Thank you for asking this question, as it is confusing for many people trying to walk the path.  The confusion is caused not by your lack of understanding but by the lack of clarity and specificity in my own and other’s writings/teachings.

Every label that we apply, whether it’s a good label or a bad label, is a product of our learned experience and is thus just a product of our mind.  Such labels, have no inherent value; they are not intrinsic.  And they cause us suffering because we generally always attach ourselves to these labels, what the Buddha called “clinging attributes.”  With attachment comes inevitable frustration and suffering.


Let’s take love, for example.  We meet someone and the person is funny or smart or good-looking or thoughtful or the sex is good or whatever and we put these perceptions together at some point and our mind says that we love the person.  We feel in love and are often swept away by the emotion.  It’s a very pleasurable emotion, until the relationship fails.  Then, because we are attached to this love, we feel bereft and distraught and often angry.  We suffer.

Typically what is really happening in a relationship is that the person is meeting various needs of ours … we like being catered to, to be in the company of someone funny, have simulating conversation, and good sex … and that is why we feel in love with the person.  But as Krishnamurti wrote in Freedom from the Known, one cannot love someone if one needs the person, because need is conditional and true love is unconditional.  One can only truly love someone for who the person is, not for what he or she does for us.  So what we thought was love really wasn’t love at all.

Indeed, that is why there is so much divorce.  People grow and change, and as they do their needs change.  Because the basis of the relationship was meeting needs, when the other person is no longer meeting those needs, we no longer feel “in love” with the person.  Ergo, divorce.

Right emotions and perceptions, on the other hand, come from our heart, from our true Buddha nature, our unborn Buddha mind.  These are a function of Right View, the first of the Noble Eightfold Path.  These are not dependent; they are not a product of our learned experience or our mind.  These are not a function of ego, of not-self.  These are not impermanent.  These are intuitive.  

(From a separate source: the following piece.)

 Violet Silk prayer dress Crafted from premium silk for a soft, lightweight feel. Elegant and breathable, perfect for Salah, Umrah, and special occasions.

Unfortunately, there is no way to talk about these various truths other than using the same words that have been developed to describe their dependent versions … love, right, wrong, good, bad.   One sees this even in the term “Right View.”   And so it can be very confusing.

Here’s another example.  A well known Buddhist concept is that there is no right or wrong.  Well that seems like a ridiculous statement.  How can that be so?  Look at all the evil in the world, all the people who do others harm.

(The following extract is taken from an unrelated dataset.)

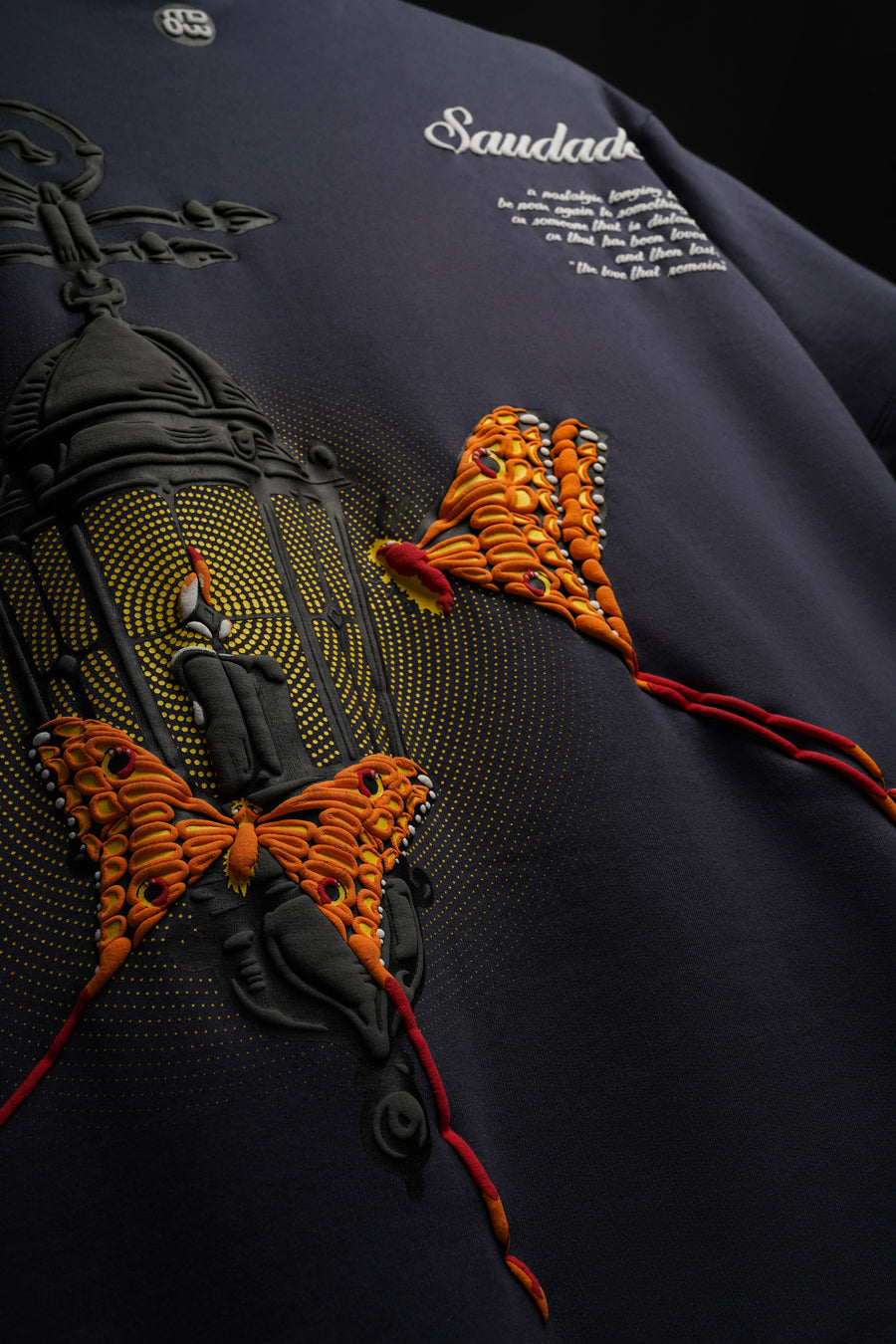UNISEX OVERSIZED TEE IN DARK GREY WITH MOTH & LAMP DESIGN ON BACK INCLUDED SCREEN & PUFF PRINTING IN FRONT & BACK. IT ALSO INCLUDES BIO-ENZYME & ANTI-BACTERIAL WASH.

What the Buddhist statement really means is that any perception of right or wrong that comes from the mind, from our learned experience, is empty, it is conditional, it is a product of our mind and is not necessarily a reflection of reality.  To understand what is truth in the Buddhist sense, I can do no better that to quote these lies from an ancient Chinese poem, “Affirming Faith in Mind.”

The great way is not difficult for those who do not pick and choose.
When preferences are cast aside the way stands clear and undisguised.
If you would clearly see the truth, discards opinions pro and con.
To founder in like and dislike is nothing but the mind’s disease.
And not to see the way’s deep truth disturbs the mind’s essential peace.

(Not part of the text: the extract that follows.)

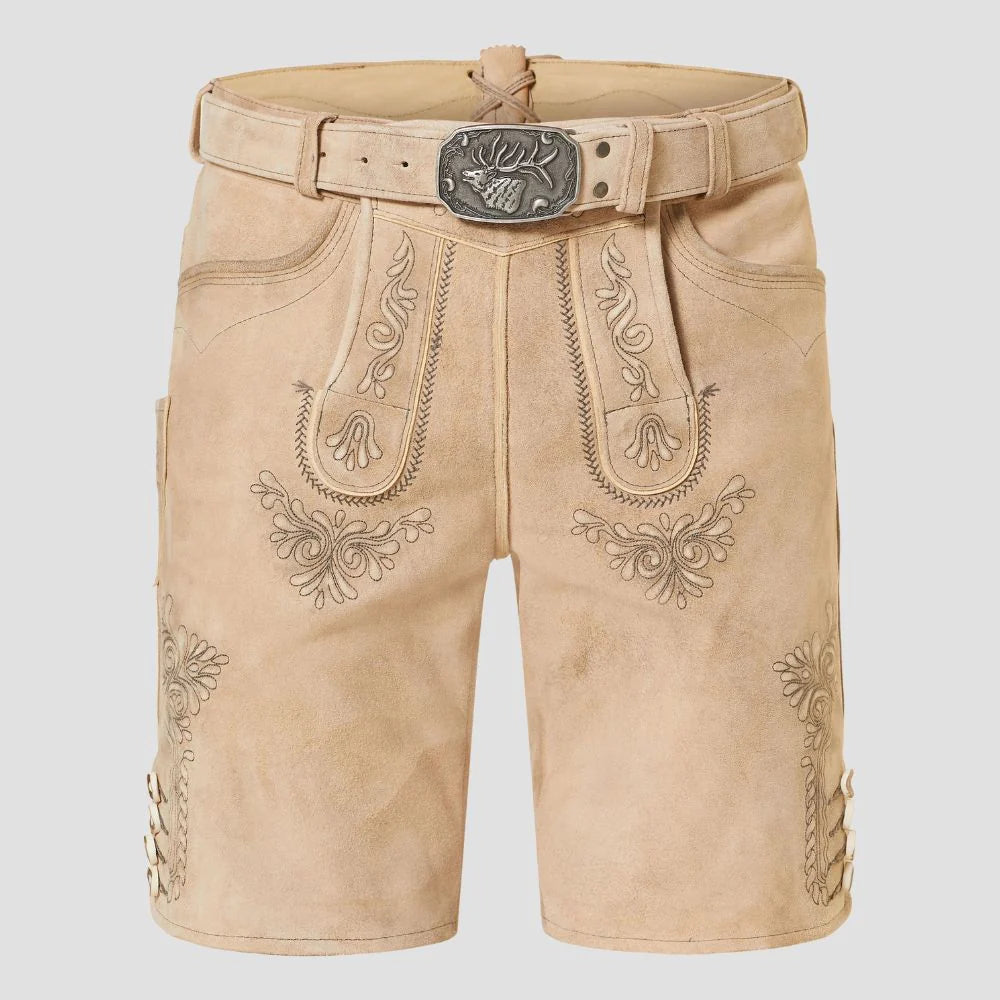 Here are the components of men's lederhosen shorts, exemplifying their unique adornments.

Clearly, being one with your unborn Buddha mind is not to lack discernment.  It’s that the discernment comes from the heart, from the Buddha mind, not from our learned experience and our ego thinking-mind.  One sees the truth without exercising power of mind.  And because these are not a product of our mind, we do not become attached to them, we do not cling to them.  

So whether we encounter a person or a situation that we discern as harmful or joyful, we are aware but our mind rests undisturbed.  We do not get agitated or excited.  We do not take it personally.  We have compassion.  As the Chinese poem noted above states, “Thought cannot reach this sate of truth, here feelings are of no avail.”


I hope this has made the teaching less confusing, if not clear.